Posted to dev@httpd.apache.org by Allen Pulsifer <pu...@comcast.net> on 2007/06/13 14:09:09 UTC

patch for spurious open attempt on ".../file.html/.htaccess"

server/request.c lines 930 to 940 currently read:

            if (r->finfo.filetype
#ifdef CASE_BLIND_FILESYSTEM
                && (filename_len <= canonical_len)
#endif
                && ((opts.opts & (OPT_SYM_OWNER | OPT_SYM_LINKS)) ==
OPT_SYM_LINKS))
            {

                thisinfo.filetype = APR_DIR;
                ++seg;
                continue;
            }


Here is the corrected code that fixes the spurious open attempt on the file
".../file.html/.htaccess":

            if (r->finfo.filetype
#ifdef CASE_BLIND_FILESYSTEM
                && (filename_len <= canonical_len)
#endif
                && (opts.opts & OPT_SYM_LINKS) )
            {
                ++seg;

                if (r->finfo.filetype == APR_REG
                    && (!r->path_info || !*r->path_info) )
                {
	              thisinfo.filetype = APR_REG;
                    break;
                }

                thisinfo.filetype = APR_DIR;
                continue;
            }


A note on what this fix and the optimization accomplishes:

In the best case (under Linux with FollowSymLinks and AllowOverride's
enabled), this code makes the following accesses to disk:

1. An initial stat on the file to serve
2. An open attempt on the .htaccess in each directory along the path to the
file
3. An open on the file to serve

As far as I can see, the only way this could be optimized further would be
to eliminate the initial stat on the file to serve, or to turn it into a
file open, and then hold the file open until it is served.

Allen


RE: patch for spurious open attempt on ".../file.html/.htaccess"

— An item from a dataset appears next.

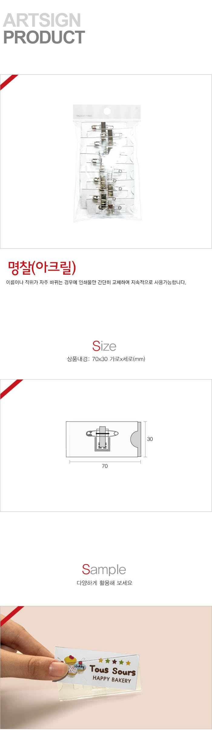 상품크기 70x30 (mm) 가로x세로 / 속지크기 기준

Posted by Allen Pulsifer <pu...@comcast.net>.
Here's a proper diff, without the spacing issue.  (It was actually a line
terminator issue, caused by editing the file under Windows.)

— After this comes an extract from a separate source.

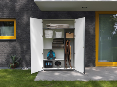 Mit unseren intelligenten Verstaulösungen verhindern wir wo möglich Laufwege von draußen nach drinnen und in die andere Richtung. Lounge-Auflagen, Deckchairs und Windlichter für das „Draußen-Dinner“ können in unseren Organizer-Möbeln ebenso regensicher verstaut werden wie Gartenutensilien. Unsere einzigartigen Outdoor-Sideboards sind elegante Anrichten bei der Bewirtung von Gästen, aus denen Speisen und Getränke schnell herbei gezaubert werden können. Und unter unseren Outdoor-Tischen und Esstischen haben Sie mit einem Handgriff Zeitschriften, Handys und auch mal einen Teller abgelegt, wenn Sie den Tisch schnell aufgeräumt haben möchten. Unser Organizer-Prinzip bedeutet für alle unsere Produkte: „Wenn alles seinen Platz hat, sind Terrasse und Balkon schnell aufgeräumt!“

--- request.c-2.2.4     2007-06-14 06:47:44.850623600 -0400
+++ request.c   2007-06-13 21:34:01.659559100 -0400
@@ -931,12 +931,20 @@
 #ifdef CASE_BLIND_FILESYSTEM
                 && (filename_len <= canonical_len)
 #endif
-                && ((opts.opts & (OPT_SYM_OWNER | OPT_SYM_LINKS)) ==
OPT_SYM_LINKS))
+                && (opts.opts & OPT_SYM_LINKS) )
             {
-
-                thisinfo.filetype = APR_DIR;
-                ++seg;
-                continue;
+                if ((r->path_info && *r->path_info) || r->finfo.filetype ==
APR_DIR)
+                {
+                    thisinfo.filetype = APR_DIR;
+                    ++seg;
+                    continue;
+                }
+                else if (r->finfo.filetype == APR_REG)
+                {
+                    thisinfo.filetype = APR_REG;
+                    ++seg;
+                    break;
+                }
             }

             /* We choose apr_stat with flag APR_FINFO_LINK here, rather
that

RE: patch for spurious open attempt on ".../file.html/.htaccess"

Posted by Allen Pulsifer <pu...@comcast.net>.
> The attached patch is the final one and applies to 2.2.4?

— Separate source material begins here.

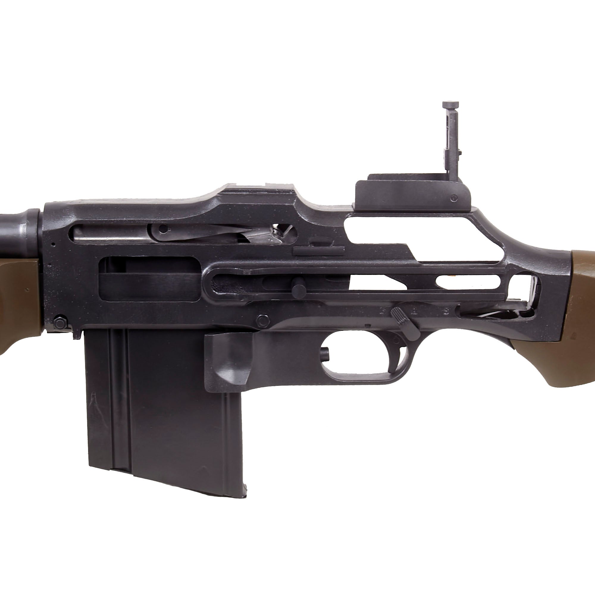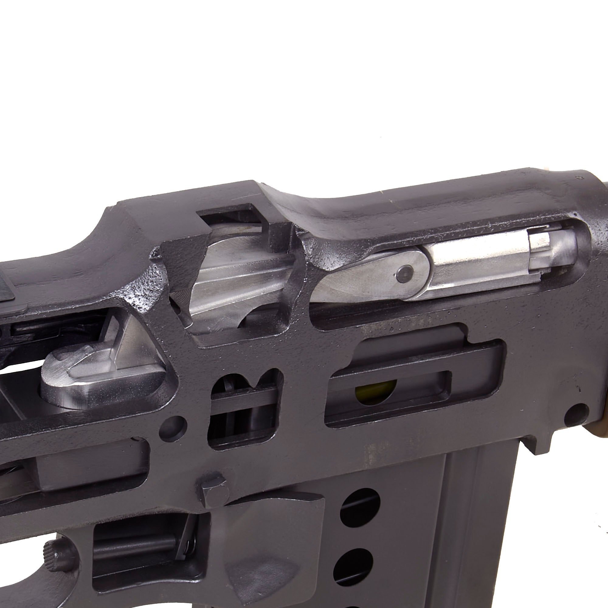 Original Item: Only One Available. This is an incredible World War Two J. H. KEENEY & CO. 1918 BAR cutaway USGI classroom non-functional enlarged training model. Oversized measuring approximately 95" in length and constructed of painted cast metal, this is a classroom demonstrator of the famous Browning M1918 Automatic Rifle for educating soldiers during WW2 on the inner workings and operation of the rifle, including the open bolt operation, magazine, feeding, etc.

Yes, that is the final patch.  It is a diff from v.2.2.4.

The indentation might not be quite correct after applying that patch.  Due
space-to-tab conversion issues with my editor, I had to do a "diff -u -b",
and the patch is not correctly showing the increased indentation of at least
one short (3 line) section of code.


Re: patch for spurious open attempt on ".../file.html/.htaccess"

Posted by Oden Eriksson <oe...@mandriva.com>.
onsdag 13 juni 2007 skrev Allen Pulsifer:

The attached patch is the final one and applies to 2.2.4?

-- 
Regards // Oden Eriksson

revised(3) patch for spurious open attempt on ".../file.html/.htaccess"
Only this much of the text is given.